De volta a Curitiba, Fabíola continuou sua carreira musical sem abandonar o projeto de um dia montar uma orquestra exclusivamente de mulheres. Em abril de 2010, a experiência paulista teve sua versão paranaense e, com algum custo e muita relutância, o Ladies estava pronto para a primeira apresentação. E a estreia foi num dos lugares mais charmosos da cidade: no Museu Oscar Niemeyer, durante a abertura da exposição de Martin Chambi.

No início, eram apenas cinco instrumentistas. Passaram para oito, depois dez e agora são quinze integrantes permanentes de uma orquestra de cordas e percussão. “Mas pode ter mais. O Ladies é versátil e, dependendo do concerto, acrescentamos ou suprimimos instrumentos em cada naipe”, diz a violista.

 

Universo feminino

Bem longe do discurso feminista e de possíveis preconceitos, o Ladies coloca-se no mercado com esse diferencial: abrange o universo feminino por meio da música, principalmente porque o conjunto é formado como se fosse uma pequena amostra de todas as mulheres brasileiras. Elas têm idade entre 20 e 70 anos, vestem manequins desde o 40 ao 48, pintam unhas e cabelo de cores diferentes, são consumidoras, casadas, solteiras, divorciadas, com ou sem filhos. Mas se igualam por intermédio da música, quando seguem a mesma partitura. Aí a harmonia entre elas é total.

Mas não é só na música que existe concordância. Apresentam-se com vestidos de modelos idênticos e vindos da mesma confecção. O colorido dos trajes causa impacto aos que estão acostumados a ver os sisudos vestidos negros nos concertos sinfônicos. Ao se vestirem nos tons de rosa ou orquídea, as integrantes do Ladies transferem alegria e suavidade ao público. “Tudo bem feminino”, diz Fabíola, “inclusive o palco, onde ambientamos com flores, luzes coloridas ou, se for um concerto de final de ano, enfeitamos com adereços natalinos”.

 

Elegância

Clarice Lispector, em uma crônica deliciosa, perguntou: “Você é tão antiquada a ponto de considerar vaidade feminina uma frivolidade?”. No entender da Orquestra Ladies Ensemble cuidar da aparência não é nem um pouco fútil. Ao contrário. Os enfeites, a maquiagem, os vestidos cor-de-rosa e flores ao redor podem até parecer antiquados nesses tempos contemporâneos, quando ainda há segmentos sociais que insistem em repetir o bordão de que a mulher, para vencer a concorrência no mercado masculino, deve ser forte, lutadora, competente e...feia e mal vestida! 

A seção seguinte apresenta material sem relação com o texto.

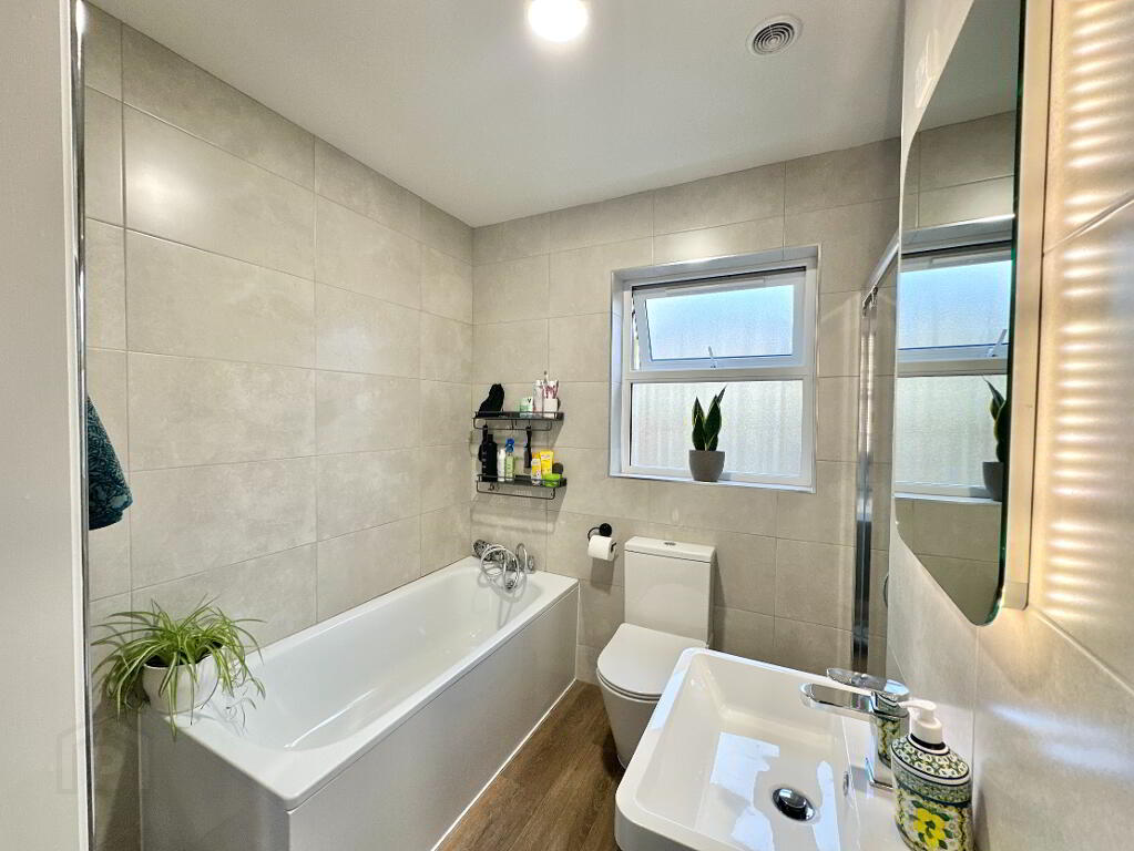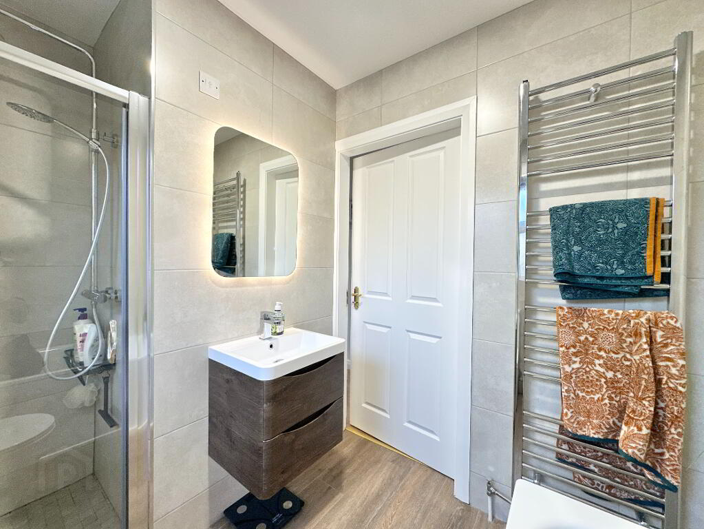 Bathroom 2.70m x 1.90m. Fully tiled bathroom suite comprising of toilet, wall hung vanity unit, walk in wet room power shower, LED back lit mirror.

Ao resgatar elementos próprios do mundo feminino, o Ladies mostra que é possível, sim, ser competente sem perder a graciosidade. Que se pode ser uma virtuose na música sem renunciar ao cabeleireiro, ao visagista, ao maquiador. O maestro Neschling disse, certa vez, que para um músico “o palco é a sua igreja”, é o lugar onde o artista deve melhor se apresentar. “O público merece não só ouvir uma bela apresentação musical, mas também gosta de ver artistas bem postados, com sapatos bonitos e roupas de bom corte e caimento. O concerto é também visual”, diz Fabíola.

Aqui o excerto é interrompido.